Everything I’ve read and experienced ( Tornado based apps ) leads me to believe that ePoll is a natural replacement for Select and Poll based networking, especially with Twisted. Which makes me paranoid, its pretty rare for a better technique or methodology not to come with a price.

Reading a couple dozen comparisons between epoll and alternatives shows that epoll is clearly the champion for speed and scalability, specifically that it scales in a linear fashion which is fantastic. That said, what about processor and memory utilization, is epoll still the champ?

答:

For very small numbers of sockets (varies depending on your hardware, of course, but we’re talking about something on the order of 10 or fewer), select can beat epoll in memory usage and runtime speed. Of course, for such small numbers of sockets, both mechanisms are so fast that you don’t really care about this difference in the vast majority of cases.

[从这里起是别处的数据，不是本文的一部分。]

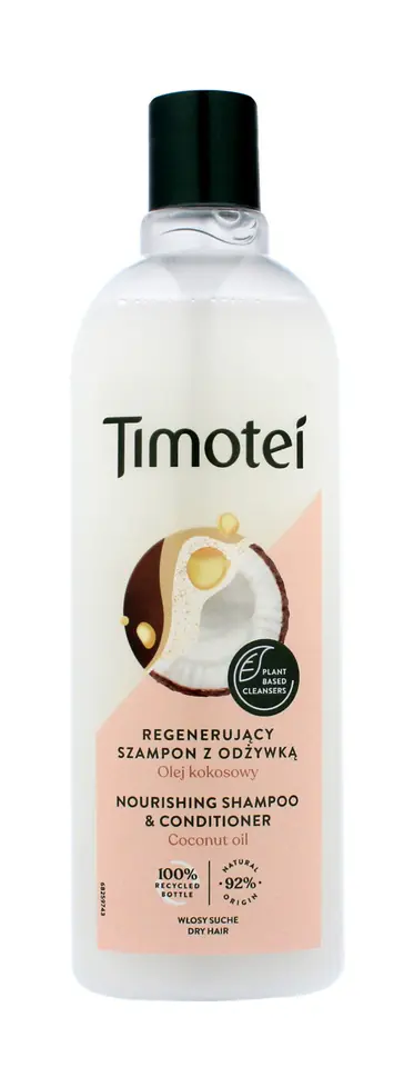 Szampon z odżywką wzbogacony o w 100% naturalny ekstrakt z oleju kokosowego.Pozwól Timotei odkryć i pielęgnować naturalne piękno Twoich włosów. Wzbogacone o ekstrakty z naturalnego oleju kokosowego Timotei 2w1 Intensywna Pielęgnacja myje, odżywia i wygładza Twoje włosy.
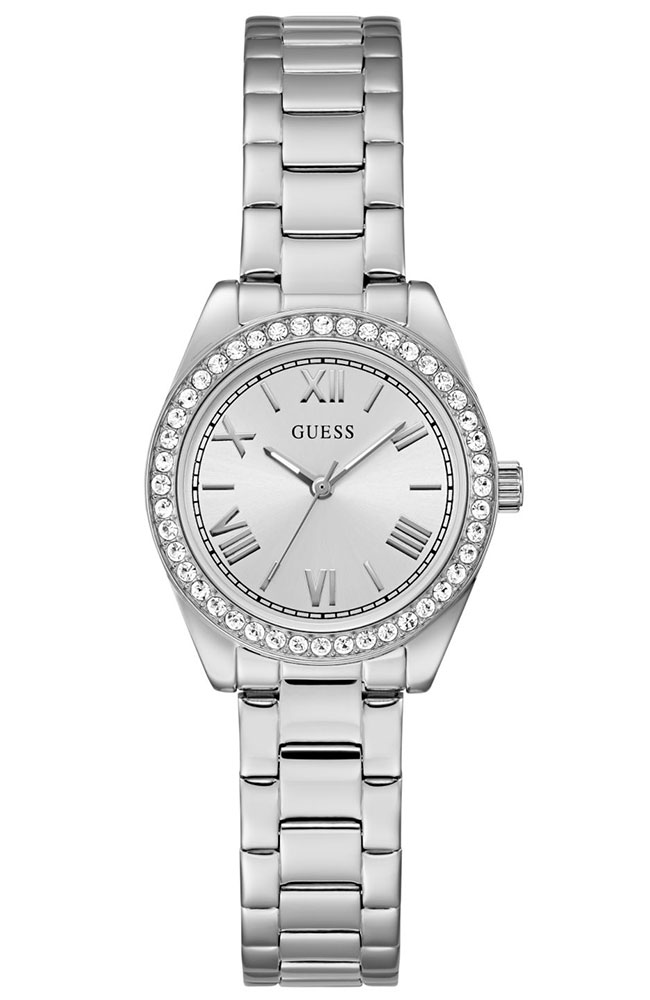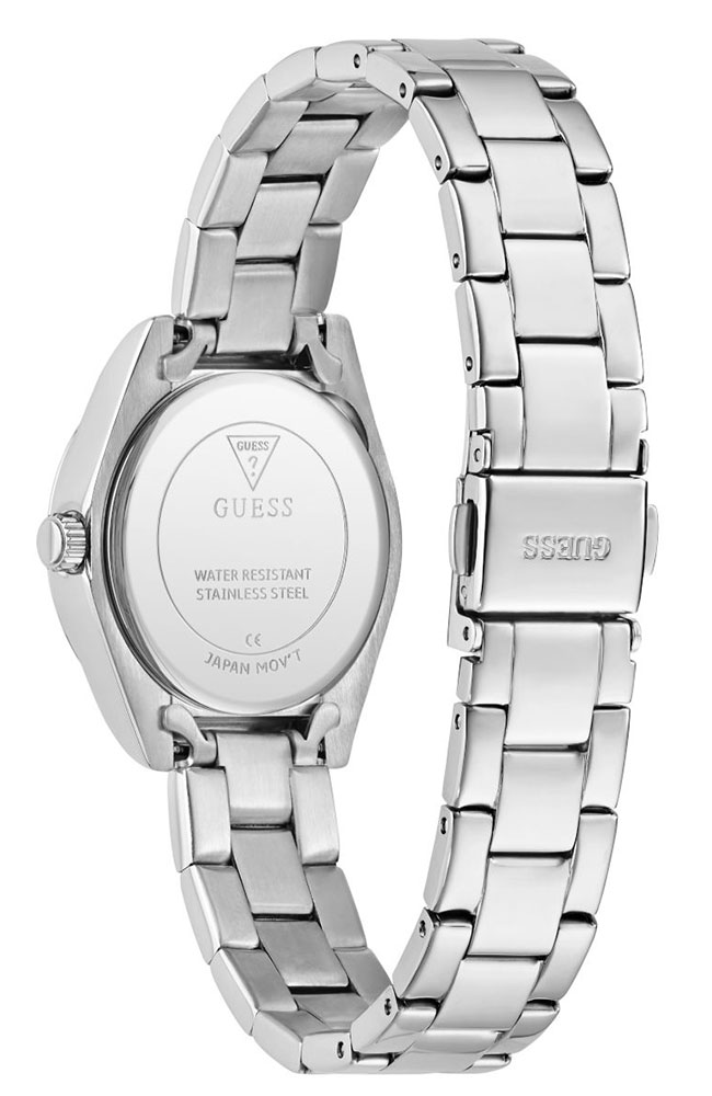 Γυναικείο ρολόι Guess από ανοξείδωτο ατσάλι με ασημί καντράν και μπρασελέ.
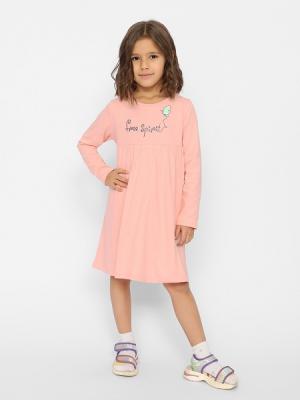 Платье для девочки с длинными втачными рукавами. Перед платья с кокеткой по линии груди и небольшой сборкой. Кокетка оформлена принтом.Дополнительно
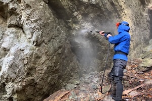 ⾼圧洗浄機を⽤いて露頭表⾯を洗浄し,断層帯中の微細構造を徹底 的に観察します. We use a high-pressure washer to clean the outcrop surface, allowing us to observe the microstructures within the fault zone in detail. |
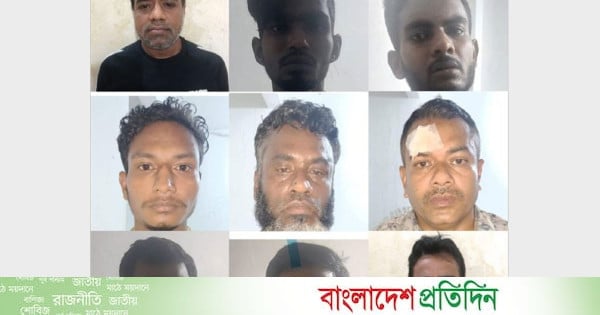 গ্রেফতাররা হলেন—মো. কামাল হোসেন (৪৪), মো. নুরে আলম (৪৫), মো. ওসমান (৩৯), মো. আব্দুর রহমান (৫৬), মো. বিল্লাল গড়ামী (৩০), মো. রনি (২৫), মো. শুভ ইসলাম কাউছার (২৪), বাপ্পী শিকদার (৩৫) এবং মনিরুজ্জামান বাপ্পী ওরফে বাপ্পী শিকদার (৩২)।
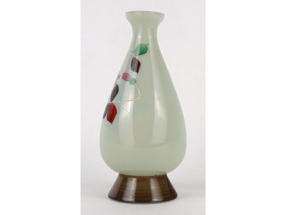 Hibátlan állapotú, színezett fúvott üveg váza, talpas art deco üveg váza, oldalán kézzel festettt motívumokkal díszítve. Talpán a fúvás szakítás nyoma szépen kivehető.
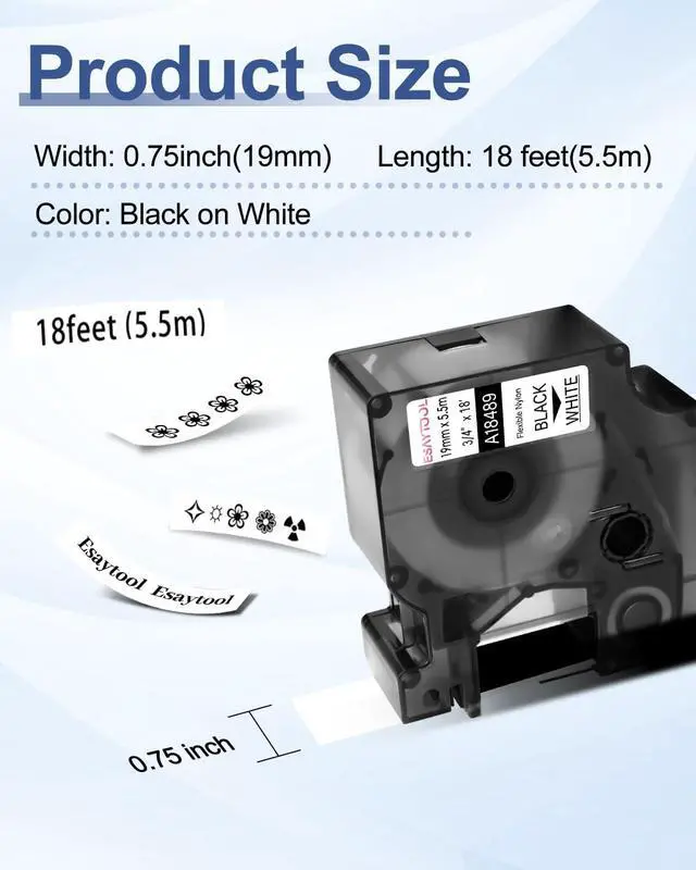 Product InformationEsaytool 10 Pack Compatible with Dymo Flexible Nylon 18489 A18489 Labeling Tape; Color: Black Print on White Text; Width:0.75 inch(19mm), Length:18 feet(5.5m).
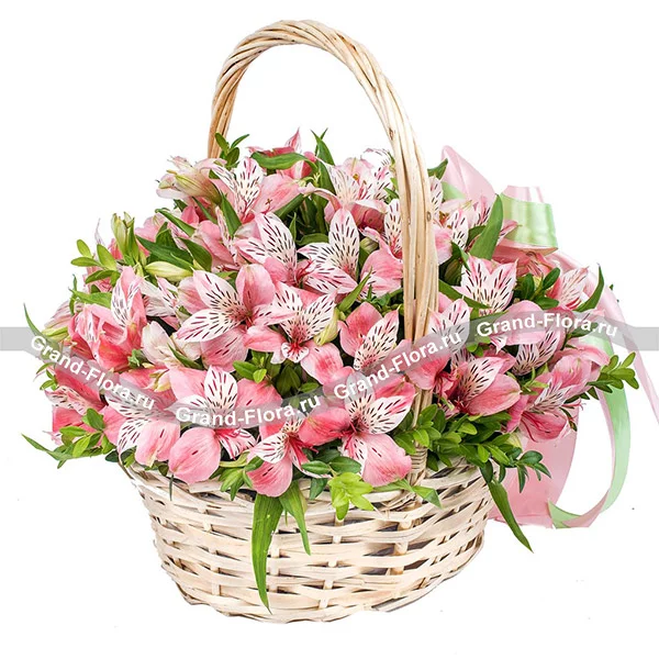 Люкс: альстромерия розовая -25 шт., оазис, корзина, лента
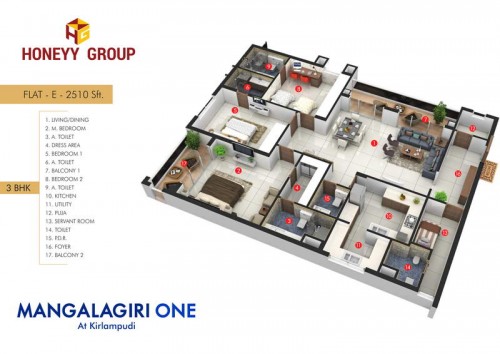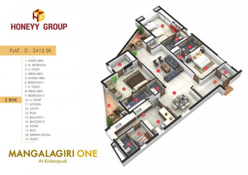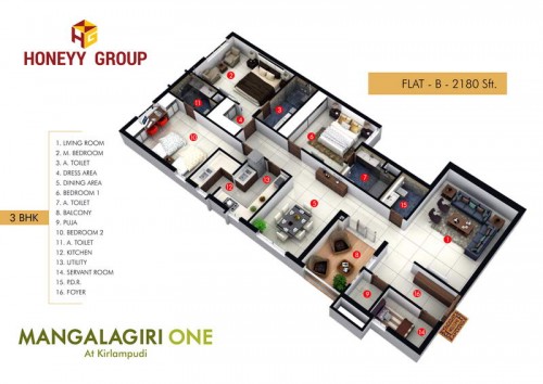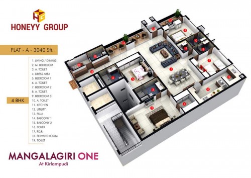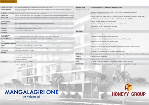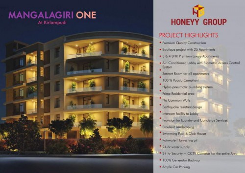 Mangalagiri One is located at Pedda Waltair in Visakhapatnam, it offers luxurious 3 and 4 BHK apartments for sale. The project is currently in an under-construction stage and the apartments are available in the size ranging from 2,180 sq ft to 3,040 sq ft. The mode of availability is only through the developer. It offers numerous amenities which include a well-equipped gymnasium, a swimming pool, a clubhouse, an intercom facility, a 24*7 security system, landscaped gardens, an indoor games facility and a car parking area. All the apartments are Vastu compliant. Pedda Waltair offers smooth connectivity to different parts of Visakhapatnam through an integrated network of road and rail. The neighborhood has the essential social infrastructure including leading educational institutions, shopping malls, reputed hospitals, bank branches, and ATMs.
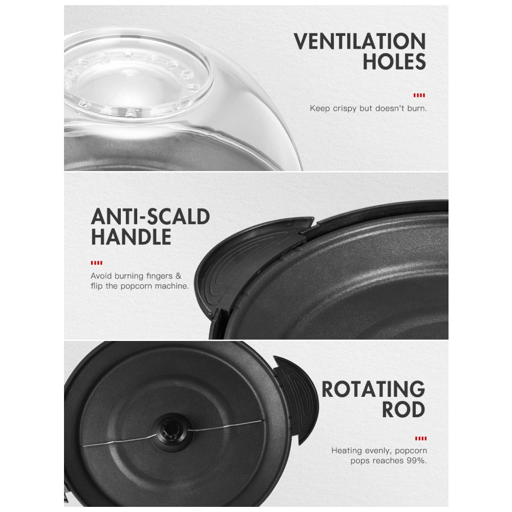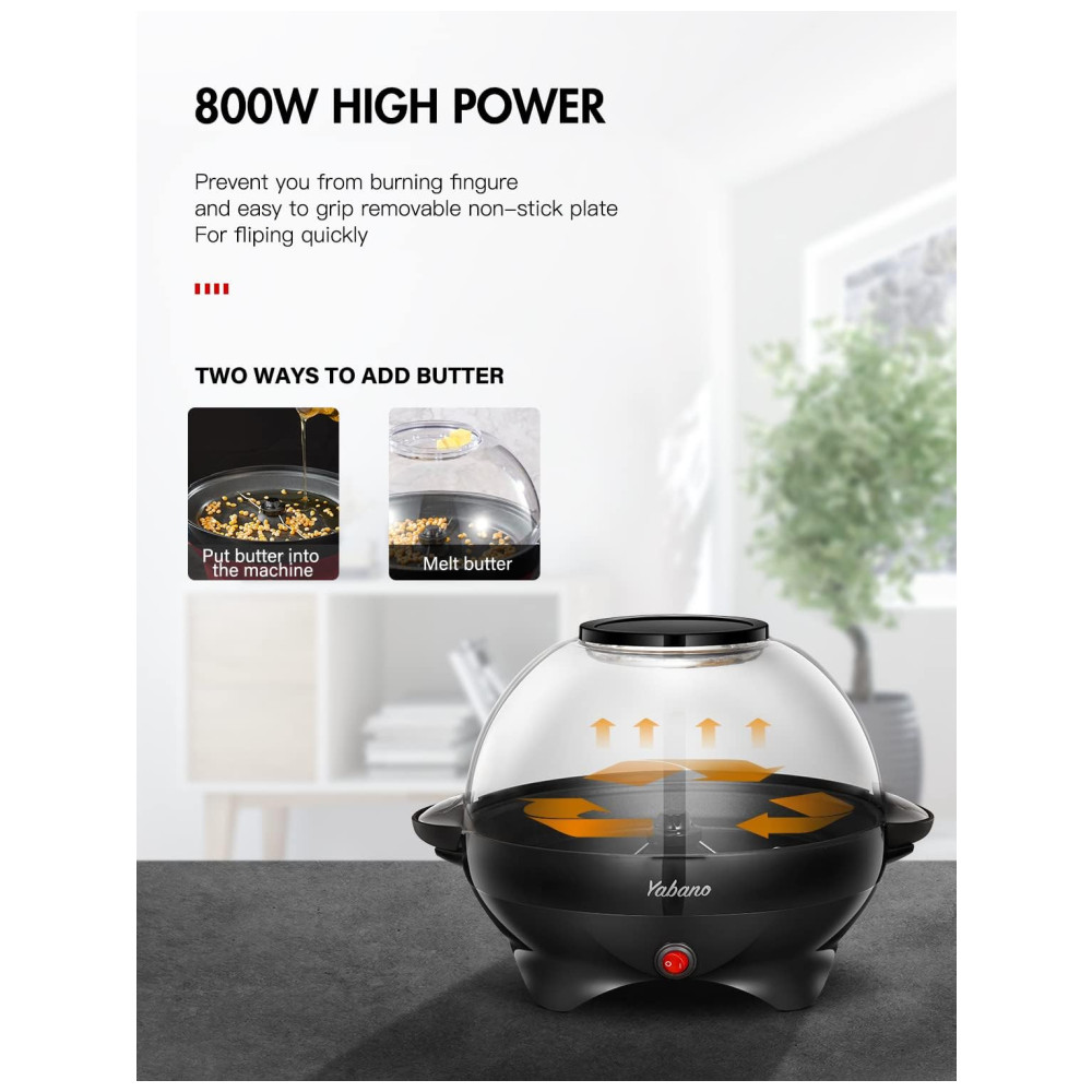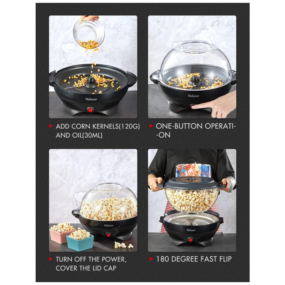 Chegou a hora da pipoca! Com a máquina de pipoca Yabano, você pode fazer 6 litros de pipoca de uma só vez para toda a família, desfrutando de momentos felizes em casa. A tecnologia Quickheat permite que as pipocas estourem 40% mais rápido do que as pipoqueiras tradicionais, sem necessidade de pré-aquecimento. O mexedor elétrico garante um aquecimento uniforme, resultando em pipocas mais crocantes e um maior rendimento. Além disso, a máquina pode fazer pipoca com até 100% do milho colocado, resultando em pipocas crocantes sem queimar. Sem conservantes, a pipoca quente e fresca promove um estilo de vida mais saudável. Você pode criar pipocas de chocolate, manteiga, salgadas, entre outros sabores, e até mesmo adicionar castanhas torradas. A placa antiaderente removível facilita a limpeza, podendo ser lavada na lava-louças, e a tampa transparente 2 em 1 também pode ser usada como tigela de servir. Com design especial, os orifícios de ventilação na tampa evitam o acúmulo de vapor, garantindo que a pipoca fique crocante. Os pegadores com toque frio evitam queimaduras ao manusear a placa de preparo invertida.

One clarification, though. Both select and epoll scale linearly. A big difference, though, is that the userspace-facing APIs have complexities that are based on different things. The cost of a select call goes roughly with the value of the highest numbered file descriptor you pass it. If you select on a single fd, 100, then that’s roughly twice as expensive as selecting on a single fd, 50. Adding more fds below the highest isn’t quite free, so it’s a little more complicated than this in practice, but this is a good first approximation for most implementations.

The cost of epoll is closer to the number of file descriptors that actually have events on them. If you’re monitoring 200 file descriptors, but only 100 of them have events on them, then you’re (very roughly) only paying for those 100 active file descriptors. This is where epoll tends to offer one of its major advantages over select. If you have a thousand clients that are mostly idle, then when you use select you’re still paying for all one thousand of them. However, with epoll, it’s like you’ve only got a few – you’re only paying for the ones that are active at any given time.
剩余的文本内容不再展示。